In a word. NO! Or, to put it another way NO. Never. Ever. NO!

I know what you are thinking...

"There will be sometimes when we (IT) just have to say no because what they want us to do is just plain wrong, illogical, stupid, crazy, etc, etc, etc. Like if they asked us to give all their customers a Tablet and expect us to maintain them, or if they asked us to remove all the backup storage, or if they told us to use COBOL instead of JAVA....."

The point is - who is to decide what is wrong, illogical, stupid, crazy, etc, etc, etc.

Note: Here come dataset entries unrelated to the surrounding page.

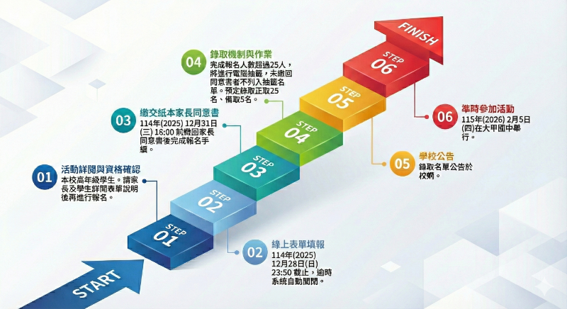 NOTE: 本線上報名表單開放至114(2025)年12月28日(日) 23:50,時間到表單自動關閉。紙本同意書收件截止日為114(2025)年12月31日(三) 16:00,請留意。
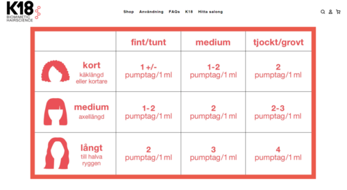 Såg att ni skrivit till andra att ett pump motsvarar 1ml men på min burk står det att tre pumpar motsvarar 1ml. Vilket stämmer?1 produkt i inlägget Hur mycket produkt3694 visningar- Användarens roll: Kundtjänst på Lyko.Kommentaren lades 3 årHejsan Evelina 👋 Jag har kikat runt lite och hittade denna bilden på K18 egna hemsida där dom beskriver hur mycket mängd man behöver beroende på vilken hårlängd man har.💜✨ Jag la in bilden här nedan om du vill kolla in den.🤩
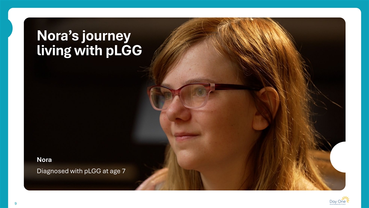 Nora’s journey living with pLGG Nora Diagnosed with pLGG at age 7 9
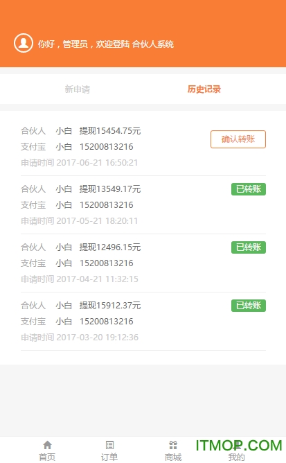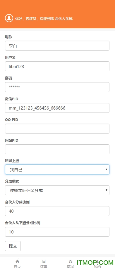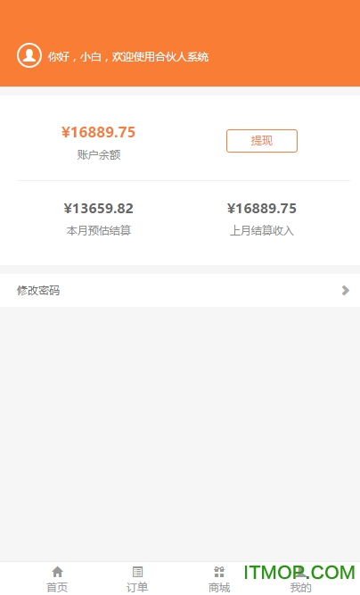 是不是很像一个小联盟呀,联盟结算给你,你从合伙人系统结算给代理;你从联盟提现,代理从你的合伙人系统这里提现。
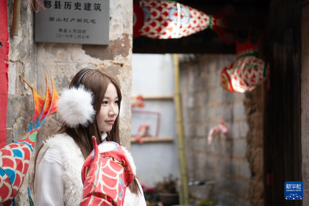 2月7日,在安徽省黄山市黟县碧山村,游客在当地民居门前手持鱼灯留影。
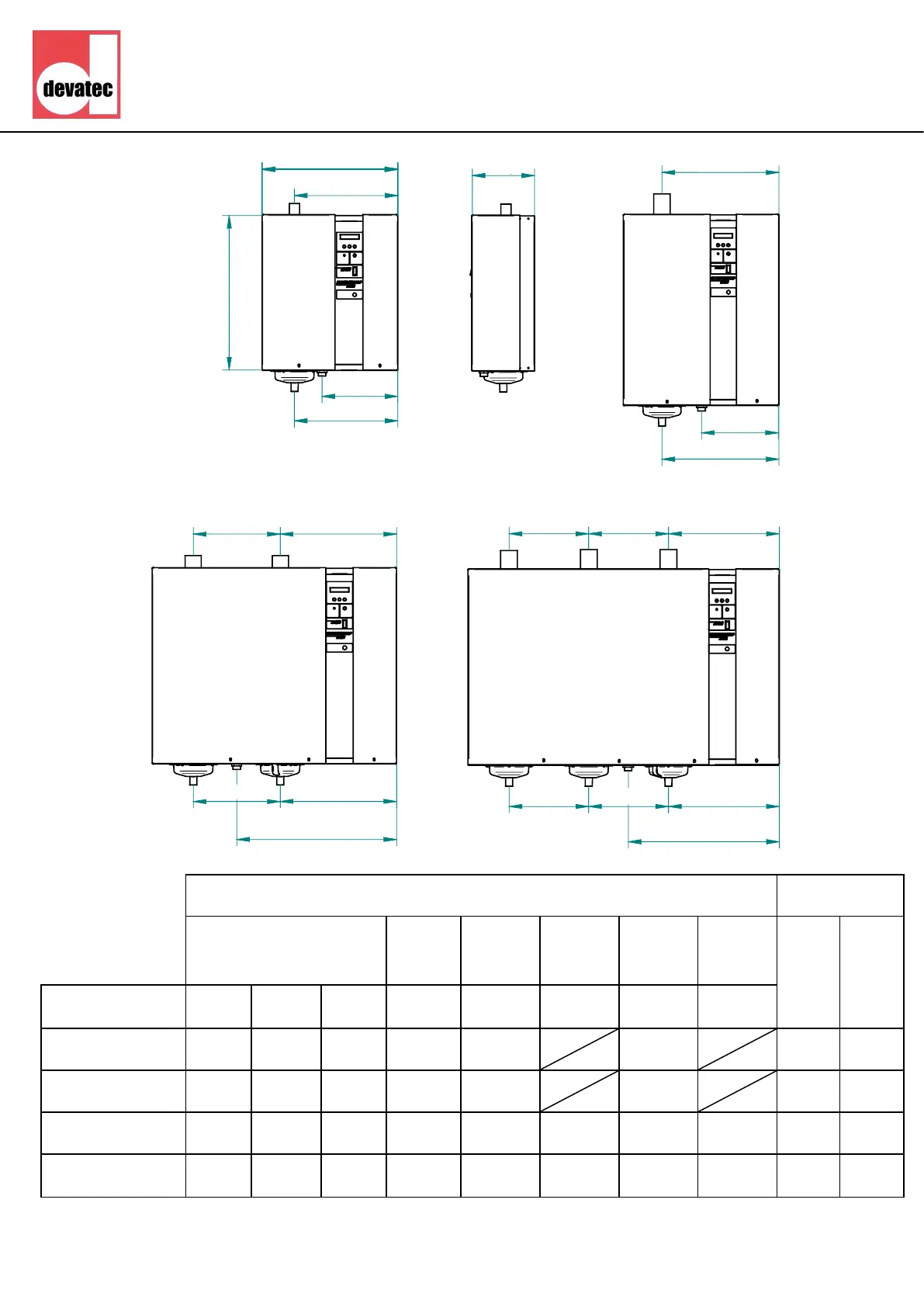 Devatec ELECTROVAP MC2 - Dimensions and Weight; Model Dimensions and Weight Specifications

"The Business" will have access to much more information than IT and therefore IT will never be in a position to say what they are being asked to do is wrong, illogical, stupid, crazy, etc, etc, etc. From an IT persons perspective things may well look wrong, illogical, stupid or crazy but from the Business perspective things may look so obviously right that they find it hard to understand why IT is saying no and appearing to be trying to block things.

This does not, of course mean that IT will not have an opinion and may offer recommendations, but that is very different.

When IT starts to make decisions and therefore effectively refuses to do what the Business asks of it, it immediately puts IT in the role of a blocker, a problem, a difficult child, a loose cannon, a "difficult person". IT being seen in this light is a major major problem - for IT itself but more importantly for the entire Enterprise.

IT needs to understand its place (and especially the role of EA) is to make "The Business" aware of the implications of what they are asking IT to do. By doing so, IT forces "The Business" to take accountability for those decisions. If not, the IT department will continue to be its own worst enemy.

The business is in control of an Enterprise but many have lost control of the IT department. EA puts the business back in control of Enterprise Transformation, including the IT department, and at the same time allows the people in the IT department to sleep at night.

The caveat is, of course, if "The Business" bestows on IT the power to make certain decisions within specified limits. If this happens, it is still not IT making the decision. It is still the Business making the decision. IT is merely the messenger, and if problems accepting that decision come about, then it is ultimately the business whose responsibility it is to defend or change it.

 

Do people in your IT department ever say no to the business?

Does that create any tensions or problems or issues?

What do you need to do to solve them?